ADR-024: Deep Provider Fingerprinting¶
- Status: Accepted
- Date: 2026-01-11
- Updated: 2026-01-16
- Authors: Podcast Scraper Team
- Related RFCs: RFC-016
Context & Problem Statement¶
AI outputs are highly sensitive to environment variables (PyTorch version, GPU model, quantization level). Simply recording the model name (whisper-large-v3) is insufficient to reproduce a result exactly or to debug a sudden drop in quality.
Decision¶
We implement Deep Provider Fingerprinting. Every AI-generated output (transcript, summary) must include a fingerprint containing:
- Run Context: Run ID, baseline/reference ID, dataset ID, git commit/branch/dirty status
- Provider: Provider type, library, library version
- Model: Task, model name, model version/revision, endpoint, tokenizer details
- Generation Params: Temperature, top_p, max_new_tokens, min_new_tokens, repetition_penalty, seed
- Preprocessing: Profile ID, profile version, detailed steps (remove_timestamps, normalize_speakers, etc.)
- Chunking: Strategy, token/word chunk sizes, overlap, boundary heuristics
- Prompts: Template ID, template SHA256, parameters
- Environment: Python version, OS, dependencies
- Runtime: Device (MPS/CUDA/CPU), backend, torch version, dtype, inference backend, compile settings
Implementation: The fingerprint is stored as fingerprint.json in baseline/reference/run directories, with a reference from predictions.jsonl entries via fingerprint_ref.
Rationale¶
- Reproducibility: Enables developers to perfectly recreate an experimental environment.

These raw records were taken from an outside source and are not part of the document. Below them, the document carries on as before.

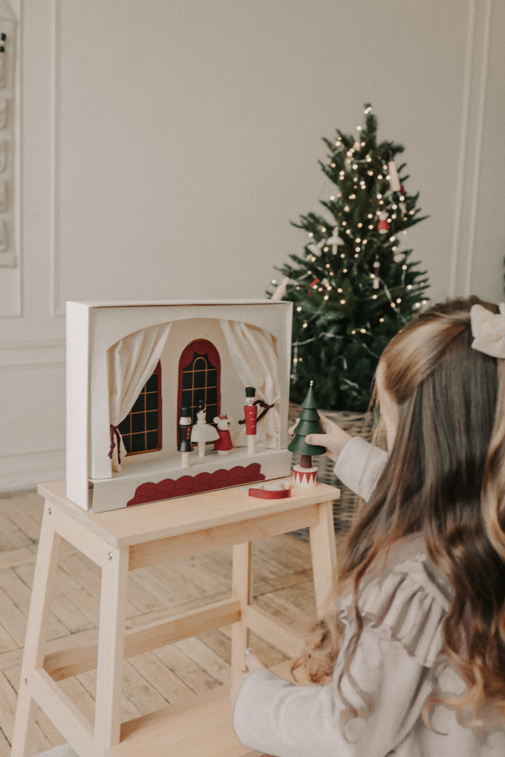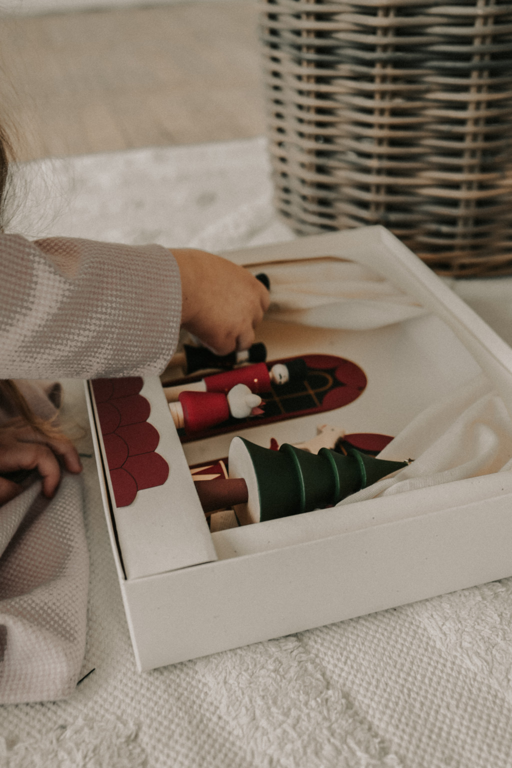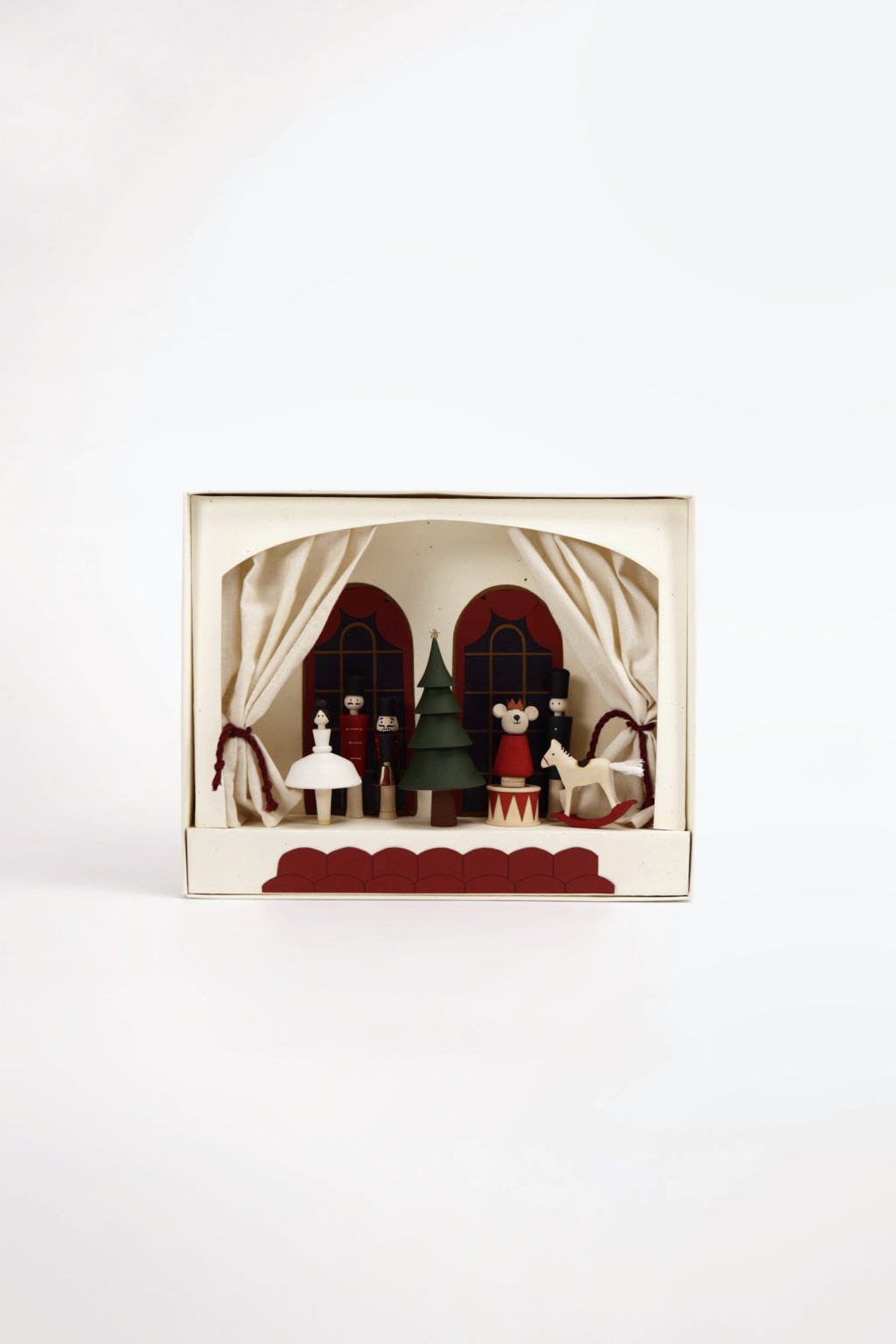Ez a különleges játékszett nem csak gyönyörű karácsonyfadíszek gyűjteménye, hanem mini színház is, amelyben a gyerekek eljátszhatják a híres Diótörő történetét.
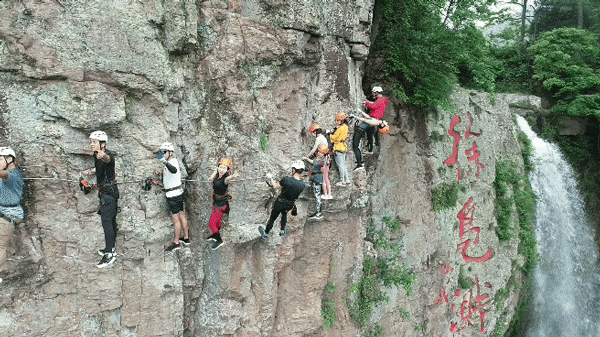 脚下瀑布冲坠,沿绝壁攀岩!肾上腺素直接拉满!
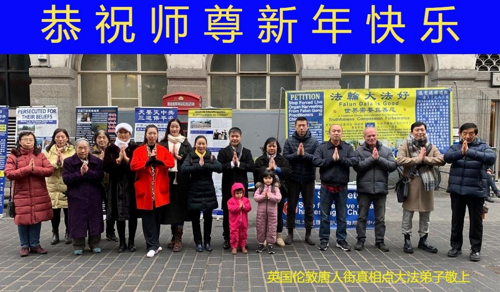 英国伦敦唐人街真相点大法弟子恭祝师尊新年快乐!
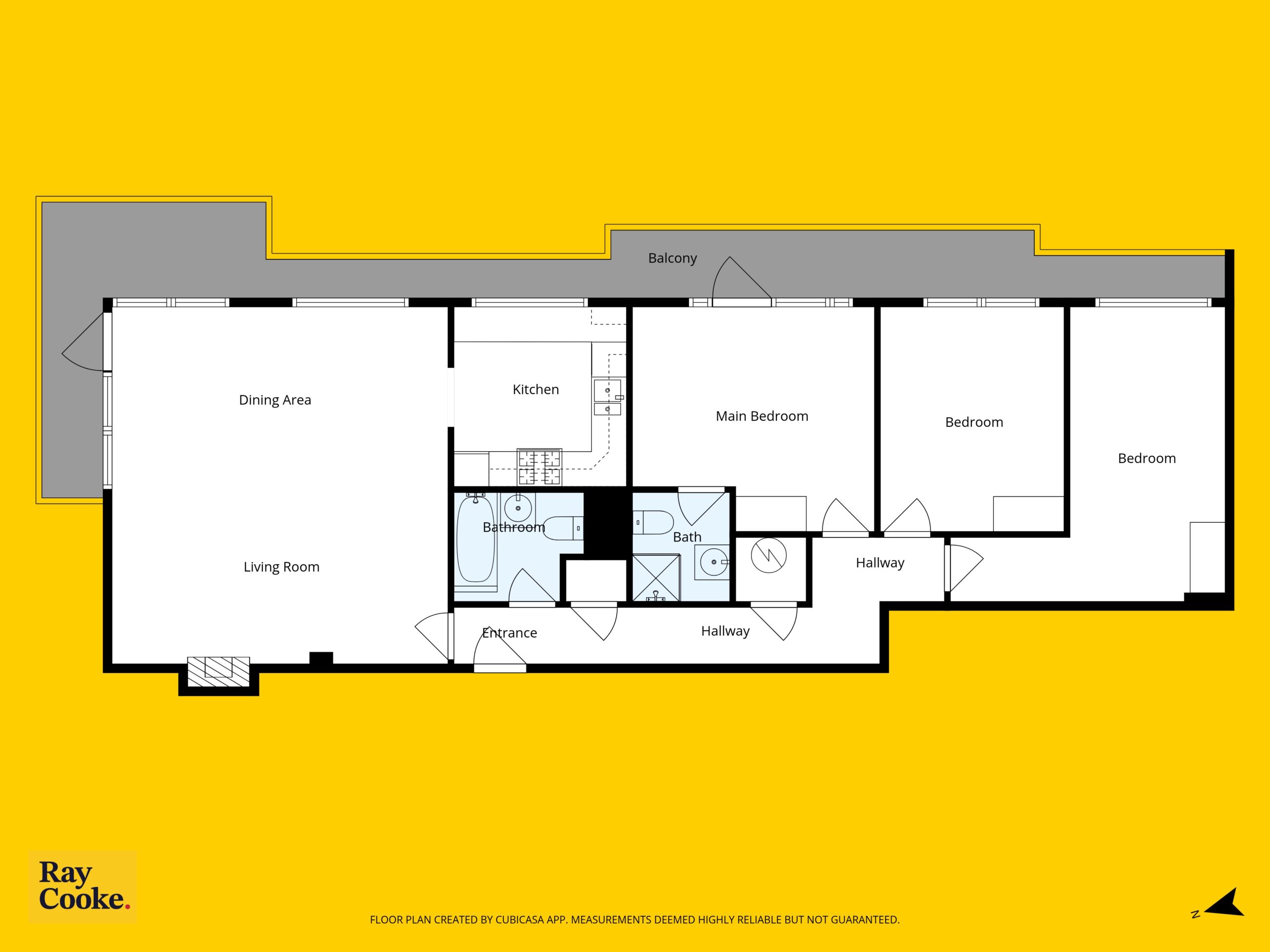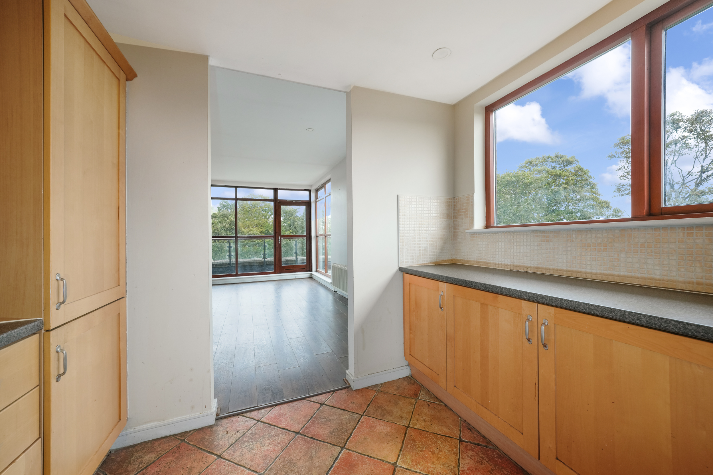 The accommodation extends to approximately 113 sq.m and comprises an inviting entrance hallway with storage, a spacious open-plan living and dining area with access to a sunny private balcony, and a separate fully fitted kitchen with ample counter and cupboard space. There are three large bedrooms, all with fitted wardrobes. The master bedroom features an ensuite bathroom and its own private balcony, while a contemporary main bathroom completes the layout. The apartment is presented in excellent condition throughout and further benefits from gas-fired central heating, double-glazed windows, lift access and a designated parking space within this well-managed development.

- Debugging: If metrics drop between two machines, the fingerprint quickly identifies if the cause is a library version mismatch or hardware difference.
- Transparency: Provides full "provenance" for every piece of generated content.
Alternatives Considered¶
- Basic Metadata: Rejected as it misses critical hardware/library variables that impact model non-determinism.
Consequences¶
- Positive: Scientific-grade experimental tracking; easier cross-machine debugging.
- Negative: Adds a small amount of overhead to output metadata files.